David Love davidlovepianos at comcast.net
Sat Mar 25 08:06:18 MST 2006


I use Protek while stringing on a rag to wipe along the length of the
strings after installing each group of unisons.  I'm especially careful to
get coverage along where the trichord dampers will contact the lower tenor
area to help prevent corrosion under the dampers and inhibit the development
of whooshing.  Since I'm still using Roslau wire (haven't switched over to
Mapes Gold Wire yet) and it's fairly dirty, it does clean off that blackish
film and might leave a "Protektive" coating for awhile.  I'm not sure if it
really does anything in the long run or not but I figure it couldn't hurt.

I agree that it does help rendering and often use it in the same manner as
you describe.

David Love
davidlovepianos at comcast.net 

-----Original Message-----
From: pianotech-bounces at ptg.org [mailto:pianotech-bounces at ptg.org] On Behalf
Of Mark Schecter
Sent: Friday, March 24, 2006 9:16 PM
To: Pianotech
Subject: Protecting plain wire from rust

Hi, all. Here's something I've been wondering about.

In pianos with rusty strings, I use Protek on the strings where they 
pass under the capo, and where they pass through the agraffes, as well 
as on the counterbearing felt, to help ease rendering.
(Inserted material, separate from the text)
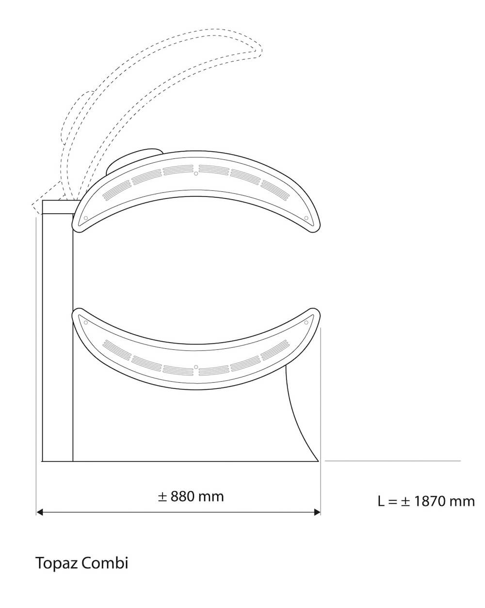 lettino aperto 1870 mm x 880 mm x 1310 mm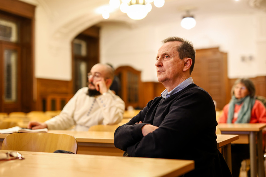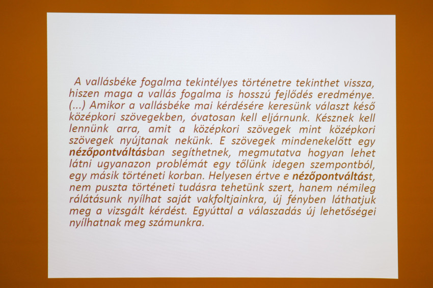 Bakos Gergely OSB kutatási területe a középkori filozófia, és mint aki e korból származó szövegekkel foglalkozik, előadása módszertani bevezetőjében egyfajta nézőpontváltást javasolt a hallgatóságnak: szükségesnek tartotta leszögezni, hogy amikor a vallásbéke mai kérdésére keresünk választ késő középkori szövegekben (ezúttal Cusanus és Pico della Mirandola műveiben), óvatosan kell eljárnunk. A középkori szövegeket mint saját koruk világnézeti keretei közt született szövegeket kell olvasnunk.

It works, and 
seems to keep on working for at least a few months, maybe longer. I have 
often wondered if there is any substance (such as, oh, maybe, Protek?) 
that people use on clean, shiny strings to prevent rust or tarnish ever 
developing? I could imagine taking whole rolls of wire and dipping it in 
a bath of XYZ-stuff before stringing, or sponging it on in the piano.

We are instructed to coat practically every other metal surface in every 
device in our lives (think car) with something or other, so why not 
piano strings? I guess we could expand the question to include 
copper-wound bass strings, too, if anyone has any thoughts about those. 
I'm interested to hear people's ideas.